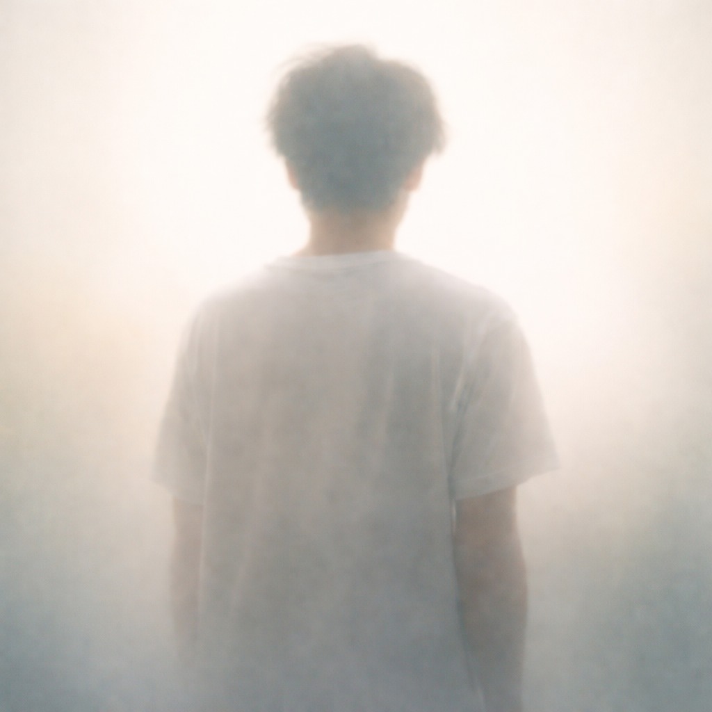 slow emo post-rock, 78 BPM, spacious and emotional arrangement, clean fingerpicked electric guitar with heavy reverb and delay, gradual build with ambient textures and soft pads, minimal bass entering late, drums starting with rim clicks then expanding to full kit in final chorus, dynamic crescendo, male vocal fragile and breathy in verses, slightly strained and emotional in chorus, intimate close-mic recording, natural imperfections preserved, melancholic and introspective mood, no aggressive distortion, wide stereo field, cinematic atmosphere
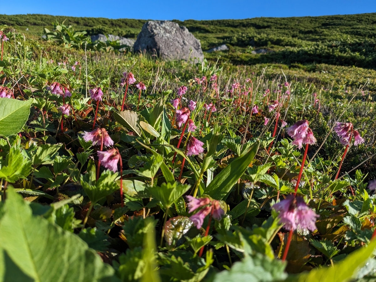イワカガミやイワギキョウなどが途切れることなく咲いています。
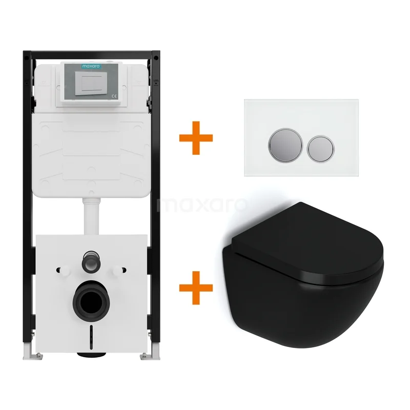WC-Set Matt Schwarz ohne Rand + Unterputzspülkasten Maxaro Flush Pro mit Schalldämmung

* * *

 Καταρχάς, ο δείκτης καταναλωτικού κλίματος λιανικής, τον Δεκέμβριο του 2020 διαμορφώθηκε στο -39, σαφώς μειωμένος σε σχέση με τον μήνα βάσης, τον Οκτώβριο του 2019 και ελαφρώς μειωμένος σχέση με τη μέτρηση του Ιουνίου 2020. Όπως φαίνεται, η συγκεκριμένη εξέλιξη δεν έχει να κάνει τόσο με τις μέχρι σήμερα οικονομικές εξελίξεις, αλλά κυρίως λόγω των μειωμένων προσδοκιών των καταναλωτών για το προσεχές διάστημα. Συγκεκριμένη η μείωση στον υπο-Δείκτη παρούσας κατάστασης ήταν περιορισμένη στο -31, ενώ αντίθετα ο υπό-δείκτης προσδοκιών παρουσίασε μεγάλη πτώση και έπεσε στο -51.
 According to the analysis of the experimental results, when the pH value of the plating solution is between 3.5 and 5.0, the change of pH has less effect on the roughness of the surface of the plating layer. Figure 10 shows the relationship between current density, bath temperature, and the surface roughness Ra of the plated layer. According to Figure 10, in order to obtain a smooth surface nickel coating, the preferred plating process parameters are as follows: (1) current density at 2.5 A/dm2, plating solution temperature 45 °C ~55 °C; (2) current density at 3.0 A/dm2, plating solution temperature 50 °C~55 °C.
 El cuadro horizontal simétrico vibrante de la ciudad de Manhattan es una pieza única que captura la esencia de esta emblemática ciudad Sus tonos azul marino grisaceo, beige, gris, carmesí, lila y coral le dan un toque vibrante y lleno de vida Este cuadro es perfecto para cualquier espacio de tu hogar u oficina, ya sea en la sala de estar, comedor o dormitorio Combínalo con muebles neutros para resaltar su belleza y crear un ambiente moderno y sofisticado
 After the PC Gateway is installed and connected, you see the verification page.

→ **PROBLEM DETAILS**
Both boundary lines included, write out word for word only the lines above from the one containing "slow emo post-rock, 78" to the one containing "WC-Set Matt Schwarz", leaving out any pictures.

→ **SOLUTION TO THIS PROBLEM**
 slow emo post-rock, 78 BPM, spacious and emotional arrangement, clean fingerpicked electric guitar with heavy reverb and delay, gradual build with ambient textures and soft pads, minimal bass entering late, drums starting with rim clicks then expanding to full kit in final chorus, dynamic crescendo, male vocal fragile and breathy in verses, slightly strained and emotional in chorus, intimate close-mic recording, natural imperfections preserved, melancholic and introspective mood, no aggressive distortion, wide stereo field, cinematic atmosphere
イワカガミやイワギキョウなどが途切れることなく咲いています。
WC-Set Matt Schwarz ohne Rand + Unterputzspülkasten Maxaro Flush Pro mit Schalldämmung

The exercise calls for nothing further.